For obvious reasons, it is essential for an aircraft flight crew to accurately know the quantity of fuel remaining in the fuel tanks of its aircraft at all times, but particularly near the end of a flight when the amount of fuel remaining may effect critical decisions. In addition, the cost of carrying large amounts of unnecessary fuel is high and reduces the amount of transportable cargo. Most large commercial aircraft have a plurality of fuel tanks, with the majority of the fuel being carried in wing tanks, so that its mass is concentrated at the center of lift. Typically, each tank on the aircraft includes a capacitance fuel quantity measurement system that drives a cockpit display indicating the mass of fuel remaining in the tank.

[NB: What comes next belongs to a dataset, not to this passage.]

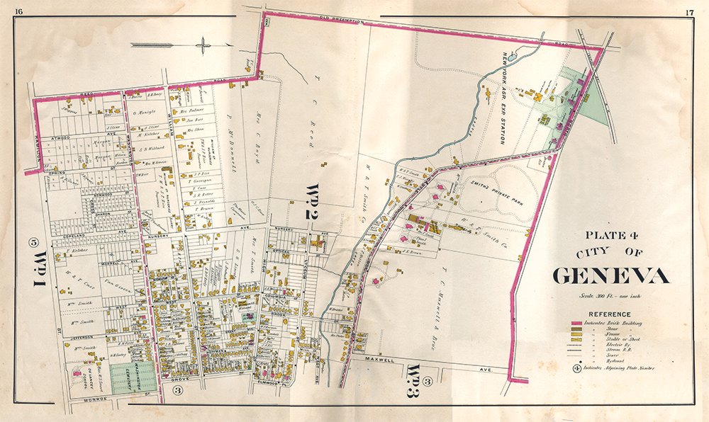 This beautifully detailed vintage map showcases the City of Geneva, New York, featuring ward divisions, property owner names, and notable landmarks including Smith's Private Park and the New York Agricultural Experiment Station. The hand-colored lithograph displays the characteristic style of 19th-century American city atlases with its precise lot divisions and elegant typography. Perfect for history enthusiasts, Geneva residents, or anyone appreciating the artistry of Victorian-era cartography.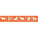 Paquet de 6 pochoirs en plastique thème les animaux de la ferme. 6 pochoirs différents par pochette. Dimensions : 14,5 x 14,5 cm. Pour obtenir un bon résultat avec un pochoir, fixer le pochoir sur la surface à décorer avec de la bande adhésive. Utiliser une brosse à pocher d''un diamètre suffisant par rapport au motif à réaliser. Utiliser une peinture suffisamment épaisse. Bien évacuer l''excédent de peinture de la brosse à pocher, puis effectuer des mouvements circulaires dans le pochoir. Ne pas tamponner, ce qui aurait pour effet de faire baver la peinture sous les bords du pochoir. Les enfants peuvent utiliser un pinceau mousse.

Determination of the quantity of fuel in a tank by a capacitance fuel quantity measurement system is a function of the dielectric constant of the fuel, which in turn depends on the temperature and density of the fuel mixture. A capacitance fuel quantity measurement system includes a plurality of capacitance probes, which are usually mounted in the bottom of each tank, along with a dielectric constant compensator that is used to measure the dielectric constant of the fuel. Since the compensator is also disposed at the bottom of the tank, it measures the dielectric constant of the highest density fuel instead of determining that parameter for the average density of fuel in the tank. In addition, water in the fuel is found in higher concentration in the bottom layer of fuel, where its effect on the compensation of the dielectric constant is greatest. The combined error from these two factors may range from two percent to four percent. Contamination caused by fungus or dirt adhering to the capacitance probes and the effect of contamination on the measurement of the dielectric constant by the dielectric compensator may introduce an additional one to two percent error.

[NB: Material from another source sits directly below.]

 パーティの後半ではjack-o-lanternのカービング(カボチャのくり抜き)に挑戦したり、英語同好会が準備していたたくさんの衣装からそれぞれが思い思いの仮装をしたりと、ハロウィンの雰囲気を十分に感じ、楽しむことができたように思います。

Since the density of the fuel impacts the fuel mass measurement, significant temperature gradients between the top and bottom layers of fuel can produce up to a five percent error in the measurement. No provision is made in existing systems for measuring the temperature at different elevations in each tank to compensate for the varying density distribution caused by temperature stratification.
Capacitance probes and compensators are normally sealed inside each tank, making maintenance more difficult because the electrical wiring and probes are in the wetted fuel tank volume and can only be removed after the tank is drained. Rework and calibration of the capacitive system may require up to three days of airplane out-of-service time.

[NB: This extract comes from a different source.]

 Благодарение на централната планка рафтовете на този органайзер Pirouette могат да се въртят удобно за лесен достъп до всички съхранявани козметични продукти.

In attempting to overcome the accuracy and maintenance problems associated with the conventional capacitance fuel measurement system, a method and apparatus for determining the density, volume, and mass of fuel in an aircraft fuel tank as a function of pressure has been developed, as disclosed in U.S. Pat. No. 4,553,216. In this system, four pressure sensors are mounted in an array at unequal depths below the surface of the fuel in a tank. The four pressure signals produced by the transducers are processed by a microcomputer to determine the fuel density and the orientation of the fuel surface with respect to its distance from each sensor. Given the orientation of the fuel surface (and the known dimensional characteristics of the tank), the volume and mass of fuel in the tank may be computed. Alternatively, if the fuel density is either known or otherwise measured, the volume and mass of fuel may be determined using only three pressure sensors.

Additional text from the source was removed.